Since I am very efficient and run on schedule, a lot of my clients come on their lunch hour to get waxed. It is funny how many women tell their jobs they are going to the dentist during that time. Wouldn’t an appointment with the gyno make more sense?

When you wax, your hair tends to come in finer and thinner and, for some women, bald spots form where no hair grows any more. It is much more common for the hair to stop growing on the front of the pubic area. One of my clients started hooking up with a guy who wanted her to grow her hair back in the front. The problem is that her hair stopped growing there a long time ago. I’m not sure if her hair is afraid of me or what, but there is no way she will ever grow more than a few strays. Her 70’s porn star days are definitely over. So this guy asked her if it was possible to get a toupee? A toupee for the twat. Interesting.

A guy came in for his first ever back wax. He had three friends with him for moral support, but that didn’t seem to ease his anxiety. He really didn’t want to take his shirt off. Unfortunately, I can’t wax a back with a shirt on so I needed to encourage him to remove it. When he got on the table, he told me he was as nervous as a dog at a Chinese restaurant.

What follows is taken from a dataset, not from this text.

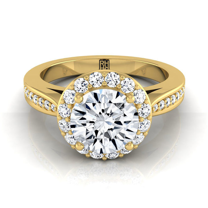 แหวนหมั้นเพชรทรงกลมเจียระไนแบบบริลเลียนต์ตรงแถวช่องฝรั่งเศสประดับเพชรแบบฮาโลว์ทองคำเหลือง 14K - 3/8 กะรัตรวม

It’s easier than childbirth.

Do you remember the scene in Home Alone when the little boy puts after shave on his cleanly shaven face and screams? On our clean up stations at the salon, I have 2 bottles. A pointy bottle with oil in it to take the wax off your cooch and a pump bottle with hand sanitizer for your hands. When a woman put a liberal amount of hand sanitizer between her legs and started jumping up and down like she was on a pogo stick, I had to yell at her to stop jumping and start wiping!

Pussies are more peaceful when they are pampered properly.

Got an email from a gal who wanted to know if I had any time to “deforest her.” Silly girl. Doesn’t she realize I am the queen of deforestation?

We received an interesting request at Mark & M.E. A girl would like us to put “Oh Shit Handles” on the sides of the bed.